PCR is now routinely used around the world for investigations of Theileria infections, particularly to determine carrier animals [6,8]. The forward and reverse primers used in this study were previously designed as a T. annulata species-specific primer based on cytochrome b genesequences for the detection of this parasite in the carrier animals [5].

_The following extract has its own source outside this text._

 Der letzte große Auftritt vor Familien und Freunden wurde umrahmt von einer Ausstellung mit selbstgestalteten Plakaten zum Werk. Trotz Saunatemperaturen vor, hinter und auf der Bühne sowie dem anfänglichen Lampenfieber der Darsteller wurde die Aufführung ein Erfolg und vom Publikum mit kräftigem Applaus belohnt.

In this study, the prevalence of theileriosis was found to be 62.06% using PCR assay, whereas only 34.48% using microscopy which clearly indicates that PCR assay is the more sensitive tool in diagnosing theileriosis. It has been revealed that microscopic examination is a less sensitive method which has also been reported by other workers [9-15]. However, both microscopy and PCR assay were found to be 100% specific in the diagnosis of theileriosis. PCR assay showed no cross-reactivity with Babesia sp. and Trypanosoma sp. and can be used specifically to diagnose theileriosis in herd and differentiate it from other hemoprotozoan diseases.

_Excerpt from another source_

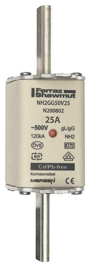Lindner N200802 C NH fuse, Size 2 25A 500VAC 440VDC (gL)-gG

By relating clinical findings with results from conventional staining and PCR assay, it has been revealed that a large section of screened herd is asymptomatic carrier.

Conclusions

From this study, it can be concluded that detection of asymptomatic carrier state is difficult to diagnose by conventional staining, whereas PCR assay can precisely determine the carrier state. Results received from PCR assay will certainly help in planning control programs.

Authors’ Contributions

GC and NKR designed and planned the study. GC and NKR collected the samples and prepared the onsite smears slides. SM, AK, and GC performed biotechnological part of the study. NKR, TK, and RJ examined the stained smear. GC and AK drafted the manuscript. SM critically reviewed the manuscript. All authors read and approved the final manuscript. NKR finalized the manuscript and sent for publication.